The difference considered to be negligible.
Nevertheless, one have to distinguish native prepared statements from the general idea of a prepared statement.
The former is just a form of running queries supported by most of DBMS, explained here. Its usage can be questioned.
The latter is a general idea of substituting actual data with a placeholder, implying further processing of the substituted data. It is widely used in programming, a well-known printf()
function is an example. And this latter approach have to be ALWAYS used to run a query against a database, no matter if it is backed by native prepared statements or not. Because:
- prepared statement makes proper formatting (or handling) inevitable.
- prepared statement does proper formatting (or handling) in the only proper place - right before query execution, not somewhere else, so, our safety won't rely on such unreliable sources like
- some PHP 'magic' feature which rather spoils the data than make it safe.
- good will of one (or several) programmers, who can decide to format (or not to format) our variable somewhere in the program flow.

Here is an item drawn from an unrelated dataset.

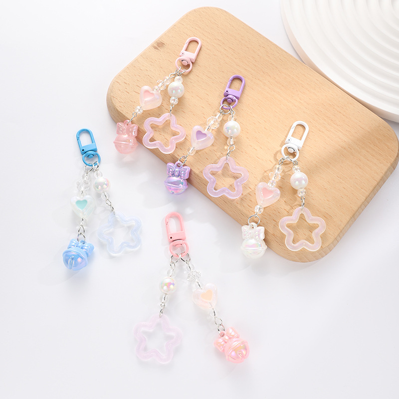새로운 벨 술 키 체인 펜던트 반짝이 속이 빈 다섯개 별 양면 사랑 이어폰 케이스 가방 액세서리

That's the point of great importance.
- prepared statement affects the very value that is going into query, but not the source variable, which remains intact and can be used in the further code (to be sent via email or shown on-screen).
- prepared statement can make application code dramatically shorter, doing all the formatting behind the scenes (*only if driver permits).

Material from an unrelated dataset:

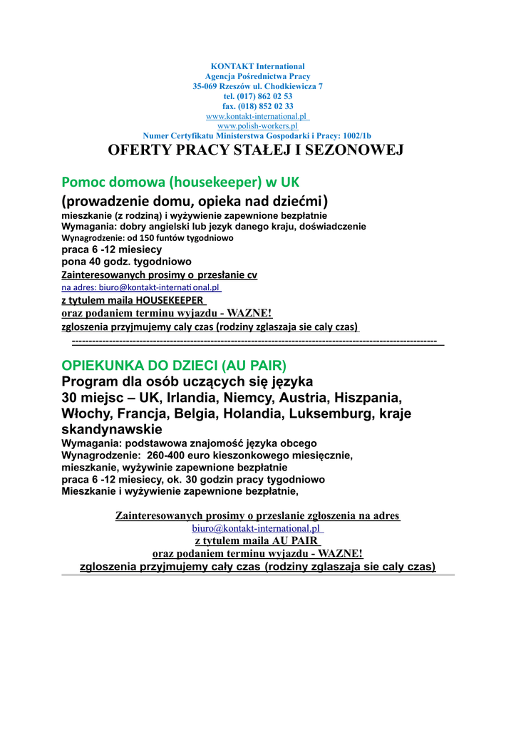 KONTAKT International Agencja Pośrednictwa Pracy 35-069 Rzeszów ul. Chodkiewicza 7 tel. (017) 862 02 53 fax. (018) 852 02 33 www.kontakt-international.pl www.polish-workers.pl Numer Certyfikatu Ministerstwa Gospodarki i Pracy: 1002/1b OFERTY PRACY STAŁEJ I SEZONOWEJ Pomoc domowa (housekeeper) w UK (prowadzenie domu, opieka nad dziećmi) mieszkanie (z rodziną) i wyżywienie zapewnione bezpłatnie Wymagania: dobry angielski lub jezyk danego kraju, doświadczenie Wynagrodzenie: od 150 funtów tygodniowo praca 6 -12 miesiecy pona 40 godz. tygodniowo Zainteresowanych prosimy o przesłanie cv na adres: biuro@kontakt-‐interna/ onal.pl z tytulem maila HOUSEKEEPER oraz podaniem terminu wyjazdu - WAZNE! zgloszenia przyjmujemy caly czas (rodziny zglaszaja sie caly czas) -‐-‐-‐-‐-‐-‐-‐-‐-‐-‐-‐-‐-‐-‐-‐-‐-‐-‐-‐-‐-‐-‐-‐-‐-‐-‐-‐-‐-‐-‐-‐-‐-‐-‐-‐-‐-‐-‐-‐-‐-‐-‐-‐-‐-‐-‐-‐-‐-‐-‐-‐-‐-‐-‐-‐-‐-‐-‐-‐-‐-‐-‐-‐-‐-‐-‐-‐-‐-‐-‐-‐-‐-‐-‐-‐-‐-‐-‐-‐-‐-‐-‐-‐-‐-‐-‐-‐-‐-‐-‐-‐-‐-‐-‐-‐-‐-‐-‐-‐-‐-‐-‐-‐-‐-‐-‐-‐-‐ OPIEKUNKA DO DZIECI (AU PAIR) Program dla osób uczących się języka 30 miejsc – UK, Irlandia, Niemcy, Austria, Hiszpania, Włochy, Francja, Belgia, Holandia, Luksemburg, kraje skandynawskie Wymagania: podstawowa znajomość języka obcego Wynagrodzenie: 260-400 euro kieszonkowego miesięcznie, mieszkanie, wyżywinie zapewnione bezpłatnie praca 6 -12 miesiecy, ok. 30 godzin pracy tygodniowo Mieszkanie i wyżywienie zapewnione bezpłatnie, Zainteresowanych prosimy o przeslanie zgłoszenia na adres [email protected] z tytulem maila AU PAIR oraz podaniem terminu wyjazdu - WAZNE! zgloszenia przyjmujemy cały czas (rodziny zglaszaja sie caly czas) OFERTY PRACY SEZONOWEJ SEZON 2010! 2-‐4 miesięcy w okresie czerwiec-‐wrzesień -‐ wakacje 2010 OPIEKUNKA DO DZIECI ( AU PAIR) 15 miejsc – UK, Irlandia, Niemcy, Austria, Hiszpania, Włochy sezon 2009 – wyjazdy w maju, czerwcu, lipcu Wymagania: komunikatywna znajomośc języka obcego Wynagrodzenie: 260-400 euro kieszonkowego miesięcznie 30 godzin pracy tygodniowo praca 2-4 miesiecy Mieszkanie i wyżywienie zapewnione bezpłatnie, często rodziny zabierają au pair na wspaniałe wakacje!!! Zainteresowanych prosimy o przeslanie zgłoszenia na adres [email protected] z tytulem maila AU PAIR WAKACJE 2009 zgloszenia przyjmujemy do wyczerpania sie miejsc! OSOBY DO ZBIORU TRUSKAWEK W NIEMCZECH SEZON 2010 BEZ ZNAJOMOŚCI JĘZYKA! stawki ok. 5 euro na rękę Sezon 20010 praca 8 tygodni Termin wyjazdu : od początku maja i lipca – dwa terminy praca zawsze na 2 miesiace Wymagania: dobry stan zdrowia, nie jest wymagana znajomość języka Wynagrodzenie: ok. 5 euro netto /godz. 40 godzin pracy tygodniowo plus nadgodziny Zainteresowanych prosimy o przeslanie cv na adres [email protected] z tytulem maila TRUSKAwki 2010 oraz podaniem terminu wyjazdu - WAZNE! zgloszenia przyjmujemy tylko do wyczerpania się miejsc!!!

So, even if you consider not using native prepared statements (which is quite okay), you have to always create your queries using placeholders instead of the actual data. For this purpose you can use PDO, which works exactly as described above - by default it just emulate prepares, means regular SQL query being created out prepared query and data, and then run against database.
However, PDO lacks support for many important data types, such as identifier or an array - thus it makes you unable to always use placeholders and thus makes an injection quite possible. Luckily, safeMysql has placeholders for the every data type and allows you to run queries safely.